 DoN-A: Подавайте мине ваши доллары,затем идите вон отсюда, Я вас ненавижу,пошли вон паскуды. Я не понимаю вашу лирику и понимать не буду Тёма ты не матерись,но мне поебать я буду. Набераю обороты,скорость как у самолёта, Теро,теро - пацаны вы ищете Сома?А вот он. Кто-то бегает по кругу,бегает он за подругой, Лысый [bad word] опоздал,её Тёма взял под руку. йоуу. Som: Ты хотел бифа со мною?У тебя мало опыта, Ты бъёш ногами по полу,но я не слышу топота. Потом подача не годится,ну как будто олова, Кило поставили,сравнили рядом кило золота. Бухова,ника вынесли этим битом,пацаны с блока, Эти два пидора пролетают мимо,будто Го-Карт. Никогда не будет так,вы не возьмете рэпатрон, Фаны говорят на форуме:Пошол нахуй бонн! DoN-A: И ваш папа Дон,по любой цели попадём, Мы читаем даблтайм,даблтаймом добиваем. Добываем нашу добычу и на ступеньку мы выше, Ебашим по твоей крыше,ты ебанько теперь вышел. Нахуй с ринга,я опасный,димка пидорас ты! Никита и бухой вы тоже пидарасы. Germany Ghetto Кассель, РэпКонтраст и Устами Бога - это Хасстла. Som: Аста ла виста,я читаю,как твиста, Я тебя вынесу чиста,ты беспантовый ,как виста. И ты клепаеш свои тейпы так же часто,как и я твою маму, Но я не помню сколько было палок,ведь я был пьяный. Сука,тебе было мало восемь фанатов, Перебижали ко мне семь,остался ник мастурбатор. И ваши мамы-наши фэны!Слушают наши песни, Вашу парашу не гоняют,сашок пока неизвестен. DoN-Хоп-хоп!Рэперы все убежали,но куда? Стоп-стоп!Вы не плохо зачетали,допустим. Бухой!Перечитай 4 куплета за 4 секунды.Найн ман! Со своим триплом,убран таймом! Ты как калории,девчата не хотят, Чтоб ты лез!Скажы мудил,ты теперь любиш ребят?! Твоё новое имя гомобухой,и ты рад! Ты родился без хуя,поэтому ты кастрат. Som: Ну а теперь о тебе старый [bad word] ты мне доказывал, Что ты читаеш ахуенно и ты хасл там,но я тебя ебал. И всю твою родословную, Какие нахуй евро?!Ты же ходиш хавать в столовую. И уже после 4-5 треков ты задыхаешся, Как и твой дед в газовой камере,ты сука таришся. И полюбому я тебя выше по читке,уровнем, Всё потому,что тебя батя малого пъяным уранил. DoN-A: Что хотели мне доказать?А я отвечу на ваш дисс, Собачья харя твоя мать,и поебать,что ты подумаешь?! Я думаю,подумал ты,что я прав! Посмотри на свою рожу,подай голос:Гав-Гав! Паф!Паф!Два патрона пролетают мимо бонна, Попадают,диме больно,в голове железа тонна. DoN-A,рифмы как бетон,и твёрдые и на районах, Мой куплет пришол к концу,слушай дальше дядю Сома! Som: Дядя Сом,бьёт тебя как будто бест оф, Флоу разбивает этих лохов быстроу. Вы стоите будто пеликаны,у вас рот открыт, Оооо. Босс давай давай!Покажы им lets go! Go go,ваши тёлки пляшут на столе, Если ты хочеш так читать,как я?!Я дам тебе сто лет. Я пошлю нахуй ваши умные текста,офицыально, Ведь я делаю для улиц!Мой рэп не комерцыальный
==
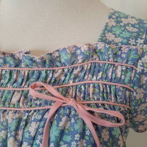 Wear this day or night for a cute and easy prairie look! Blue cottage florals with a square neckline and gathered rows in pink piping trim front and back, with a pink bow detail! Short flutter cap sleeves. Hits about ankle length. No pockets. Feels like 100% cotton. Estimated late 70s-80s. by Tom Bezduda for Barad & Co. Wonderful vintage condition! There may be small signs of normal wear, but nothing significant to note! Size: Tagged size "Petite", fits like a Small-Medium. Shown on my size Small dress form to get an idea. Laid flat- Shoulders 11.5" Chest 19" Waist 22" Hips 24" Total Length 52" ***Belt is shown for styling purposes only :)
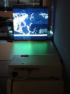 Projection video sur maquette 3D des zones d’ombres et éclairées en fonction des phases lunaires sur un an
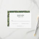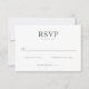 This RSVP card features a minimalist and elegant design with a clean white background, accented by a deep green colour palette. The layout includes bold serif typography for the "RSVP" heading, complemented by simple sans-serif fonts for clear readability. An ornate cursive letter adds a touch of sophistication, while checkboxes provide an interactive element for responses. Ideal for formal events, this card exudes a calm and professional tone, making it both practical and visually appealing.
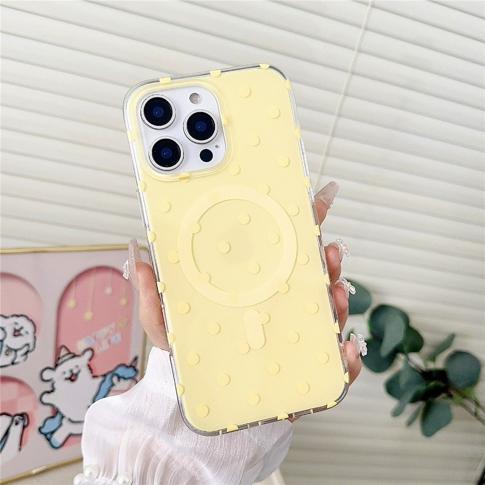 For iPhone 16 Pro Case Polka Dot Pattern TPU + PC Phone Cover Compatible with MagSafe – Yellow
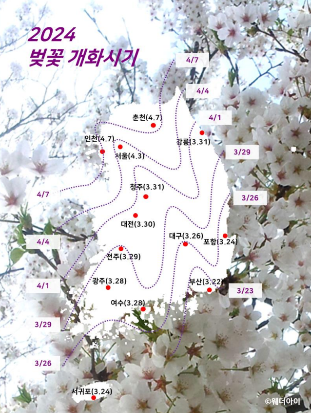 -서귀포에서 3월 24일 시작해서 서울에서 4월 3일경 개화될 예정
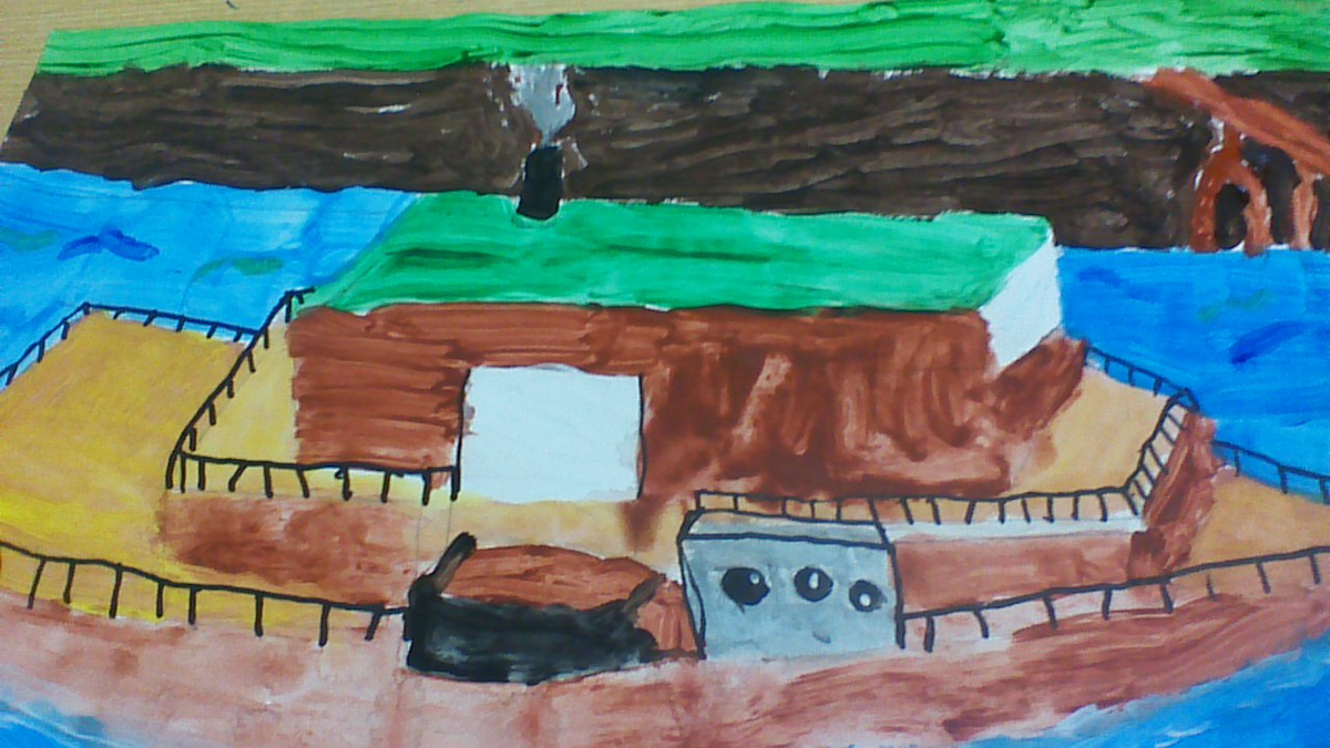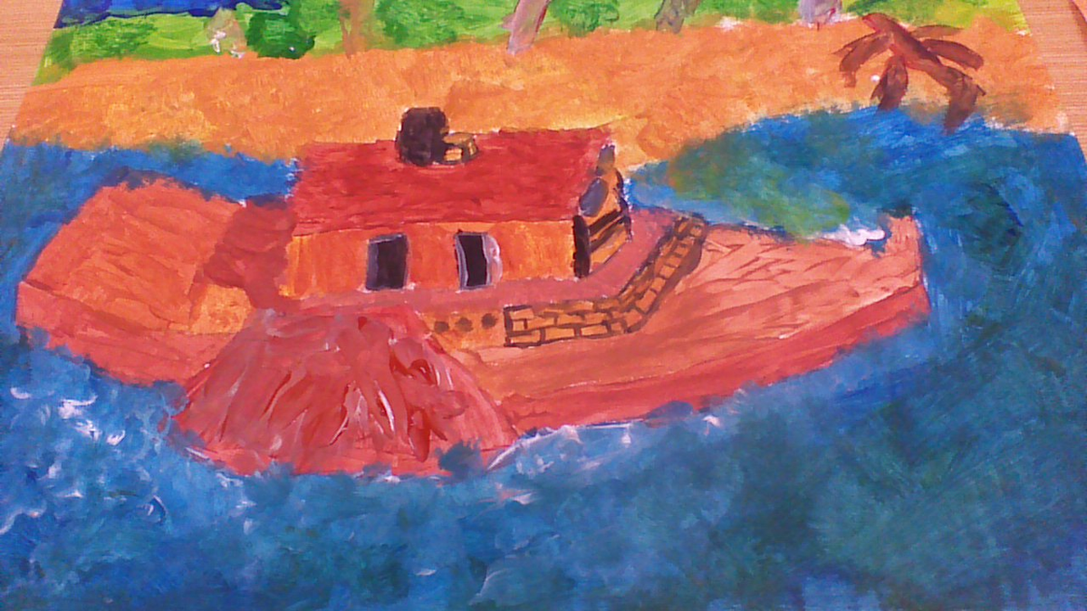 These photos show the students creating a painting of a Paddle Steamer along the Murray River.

> **EXERCISE**:
Each line above that falls between the line with "For iPhone 16" and the line with "These photos show" should be printed exactly, together with those two lines, but the pictures should not.

> **RESPONSE TO THIS EXERCISE**:
 For iPhone 16 Pro Case Polka Dot Pattern TPU + PC Phone Cover Compatible with MagSafe – Yellow
 -서귀포에서 3월 24일 시작해서 서울에서 4월 3일경 개화될 예정
 These photos show the students creating a painting of a Paddle Steamer along the Murray River.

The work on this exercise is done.